== The problem ==
In your copy, reproduce each entry exactly and include no picture.
*** Data Section Begins ***
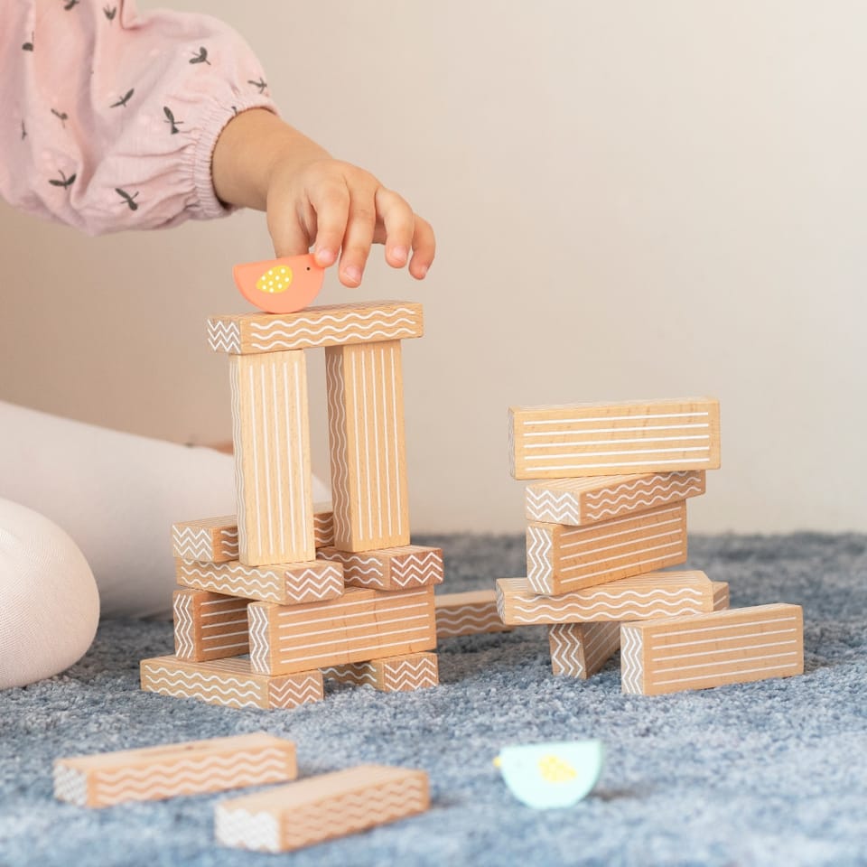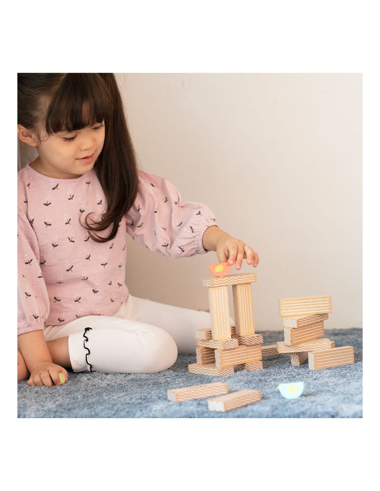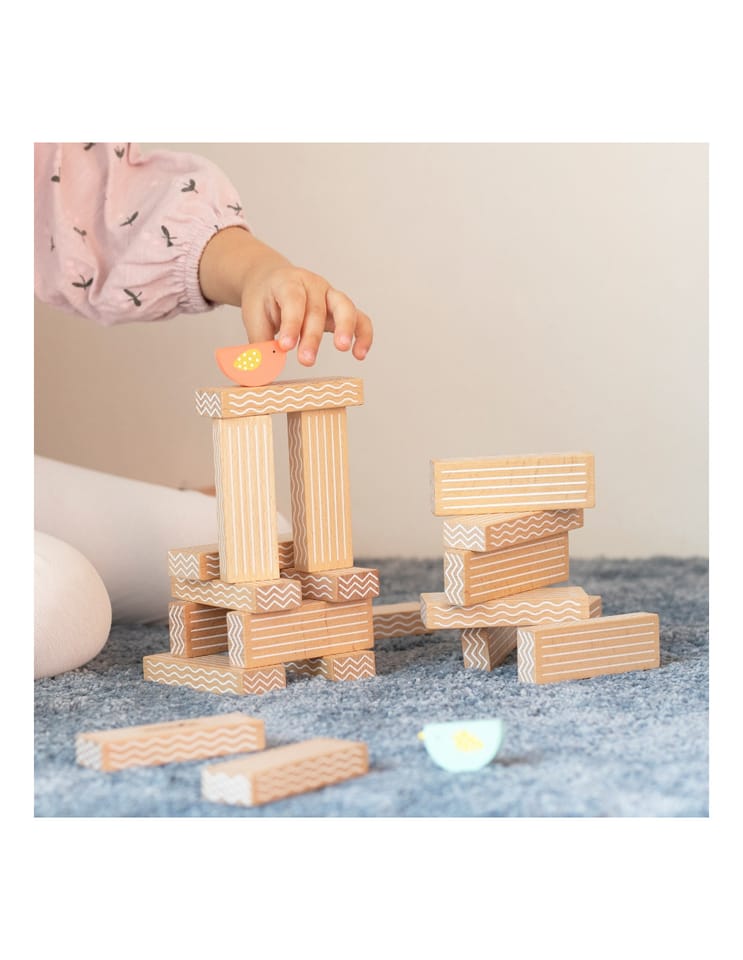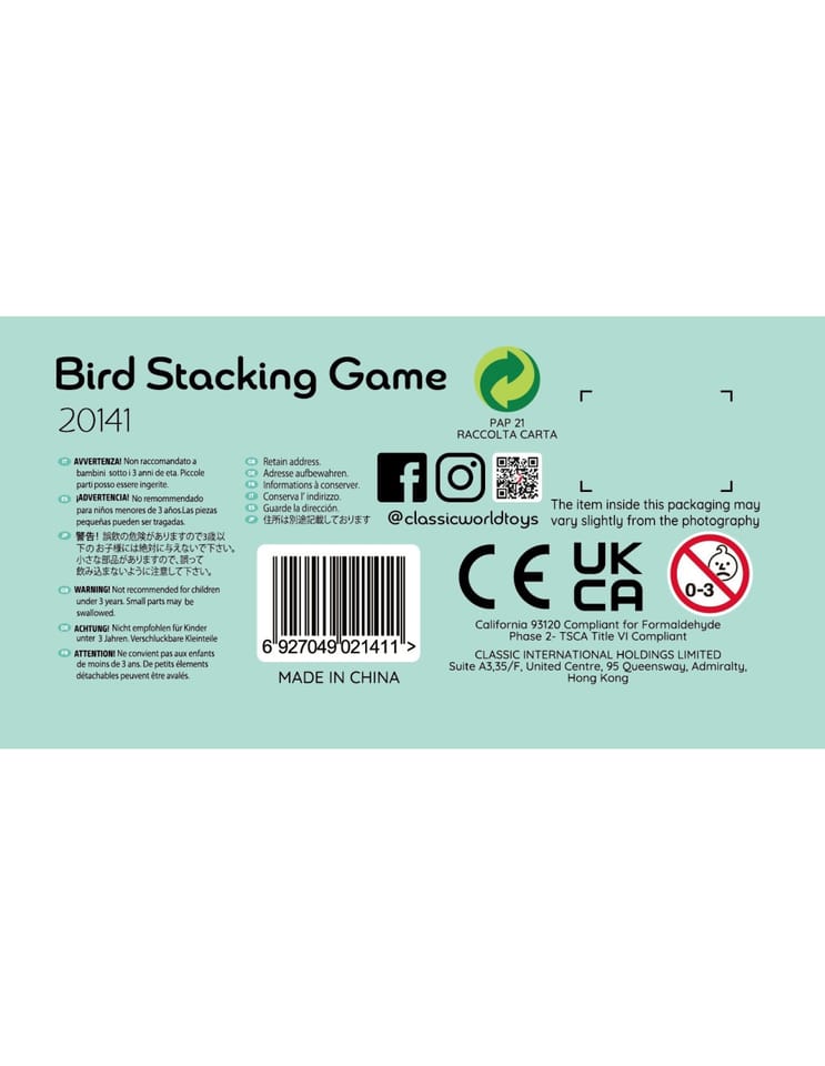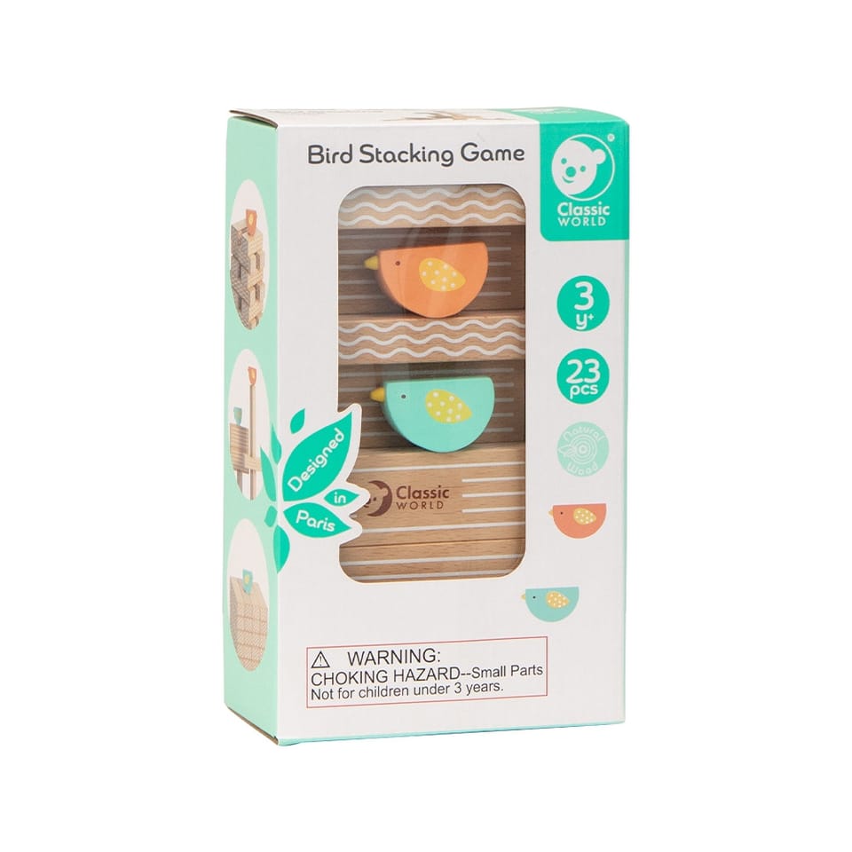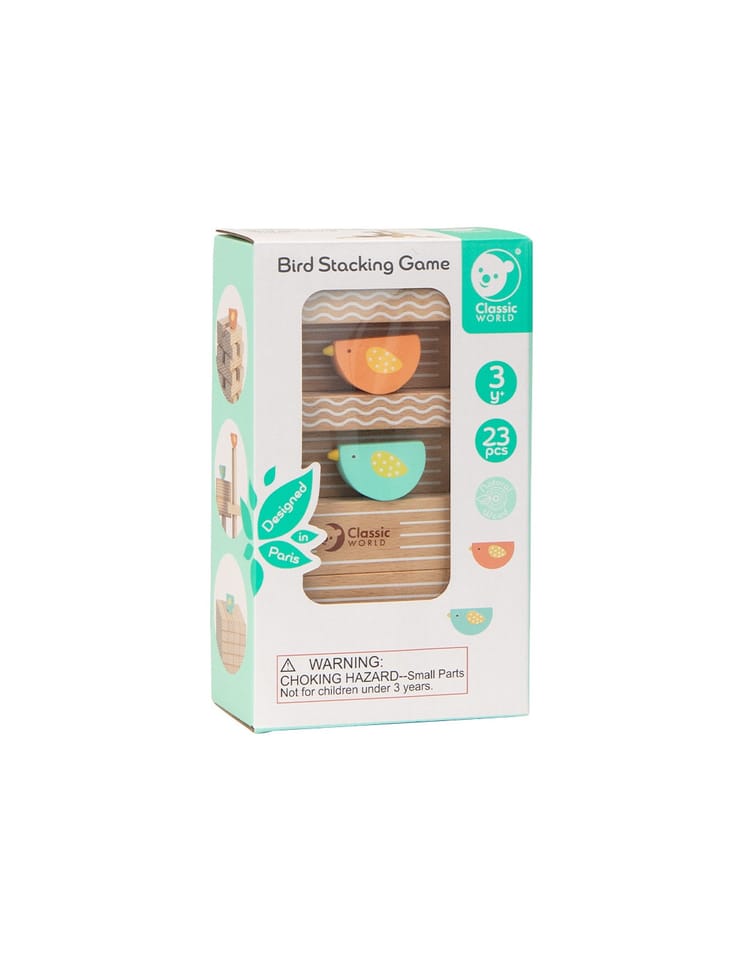 - - w zestawie: 20 klocków, 2x ptaki oraz kostkę do gry.
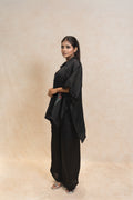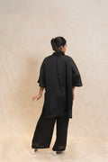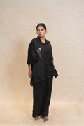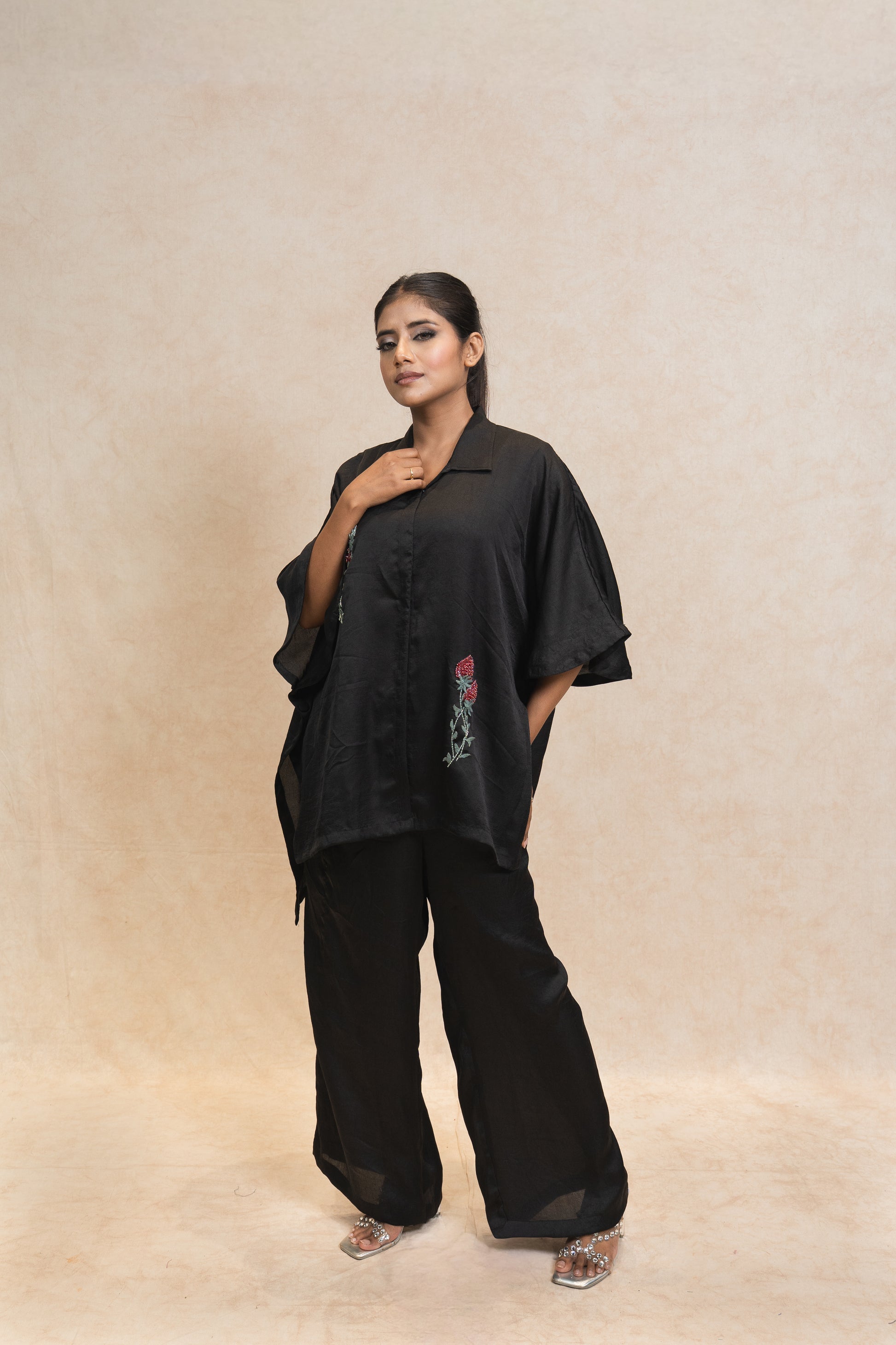 A contemporary black co-ord set that embodies effortless sophistication with a relaxed silhouette. Featuring an oversized embroidered shirt paired with wide-leg bottoms, this outfit blends comfort and style, making it versatile for casual gatherings, travel or chic evening looks.
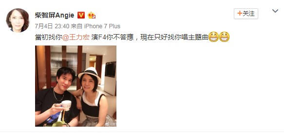 目前,正在筹拍新版《流星花园》的柴智屏,她开玩笑地问王力宏,“当初找你演F4不答应,现在只要找你唱主题曲了。” 而王力宏则回应,“你先找到你的新F4成员,我才知道怎么写吧!” 貌似两人对此次的合作已经有了共识哦!
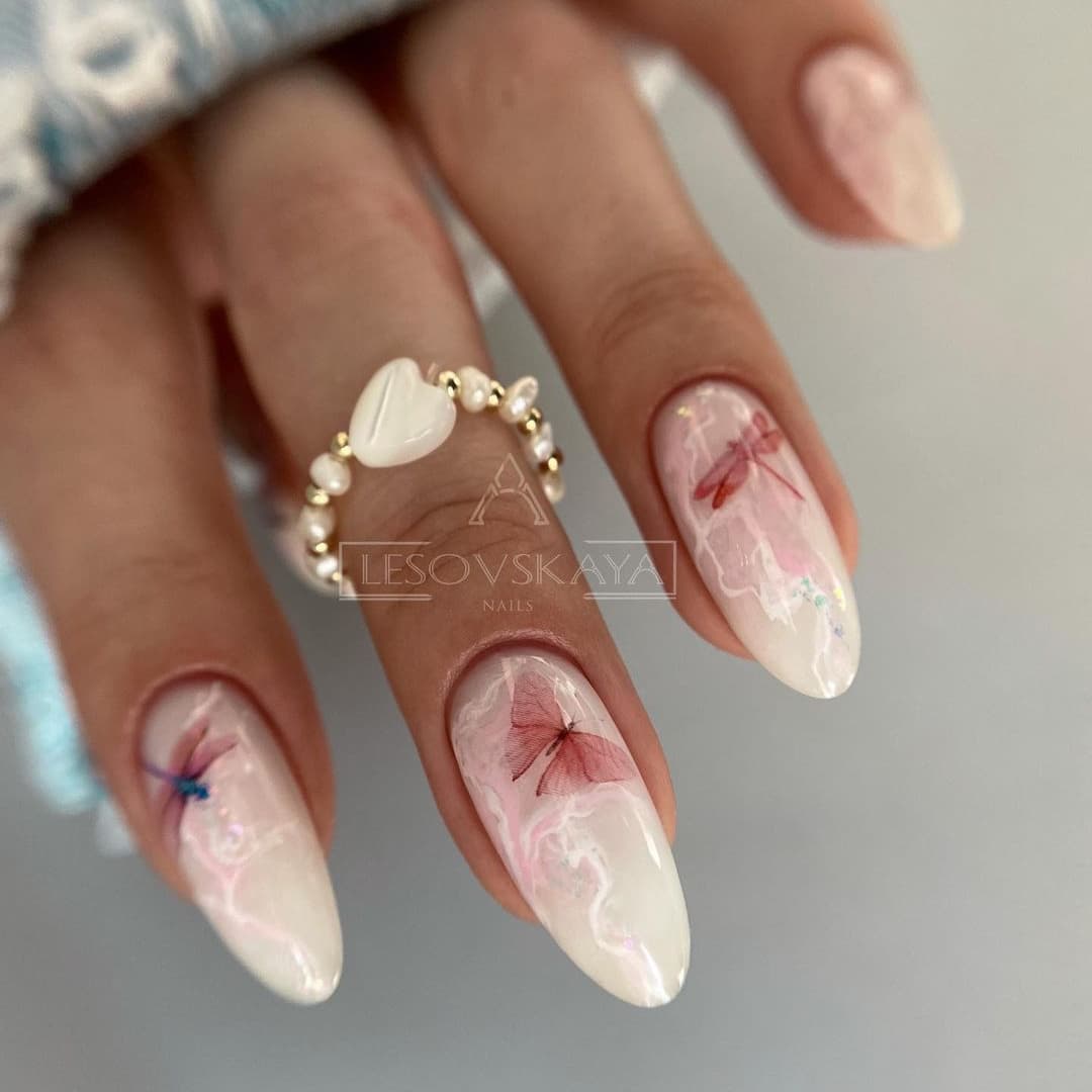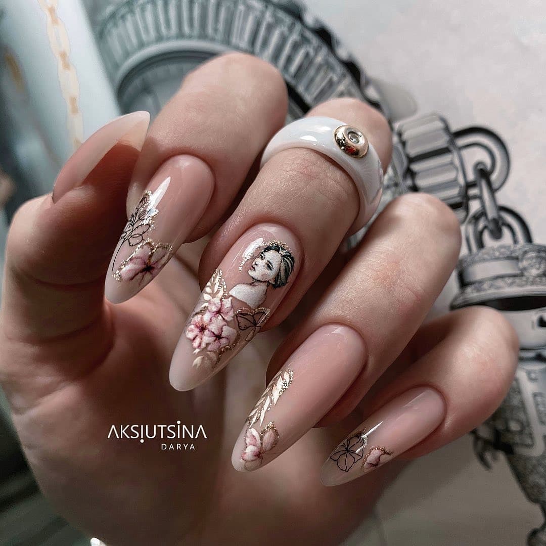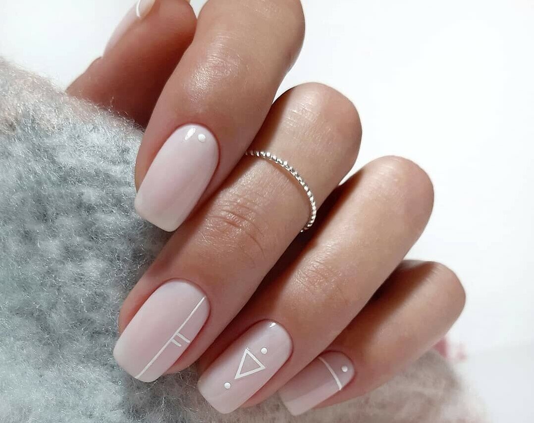 - Самый явный тренд нюдового маникюра 2022 для длинных, миндальных ногтей — рисунки и абстракции. Вовсю используем геометрию, животный принт.
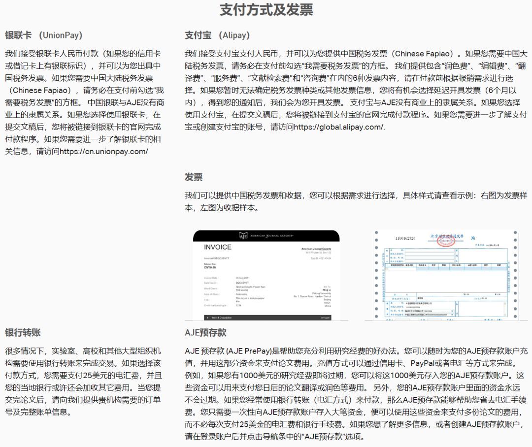 可能有朋友担心国外机构交流不便或者只能通过信用卡付款导致大家不愿意去国外机构进行润色,其实国外论文润色公司大部分,同样可以提供中文服务(也可以通过邮件以中文和他们直接联系)和支付宝或网银付款,还提供发票,在下文中有介绍。
*** Data Section Ends ***
== Written answer ==
 - - w zestawie: 20 klocków, 2x ptaki oraz kostkę do gry.
 A contemporary black co-ord set that embodies effortless sophistication with a relaxed silhouette. Featuring an oversized embroidered shirt paired with wide-leg bottoms, this outfit blends comfort and style, making it versatile for casual gatherings, travel or chic evening looks.
 目前,正在筹拍新版《流星花园》的柴智屏,她开玩笑地问王力宏,“当初找你演F4不答应,现在只要找你唱主题曲了。” 而王力宏则回应,“你先找到你的新F4成员,我才知道怎么写吧!” 貌似两人对此次的合作已经有了共识哦!
 - Самый явный тренд нюдового маникюра 2022 для длинных, миндальных ногтей — рисунки и абстракции. Вовсю используем геометрию, животный принт.
 可能有朋友担心国外机构交流不便或者只能通过信用卡付款导致大家不愿意去国外机构进行润色,其实国外论文润色公司大部分,同样可以提供中文服务(也可以通过邮件以中文和他们直接联系)和支付宝或网银付款,还提供发票,在下文中有介绍。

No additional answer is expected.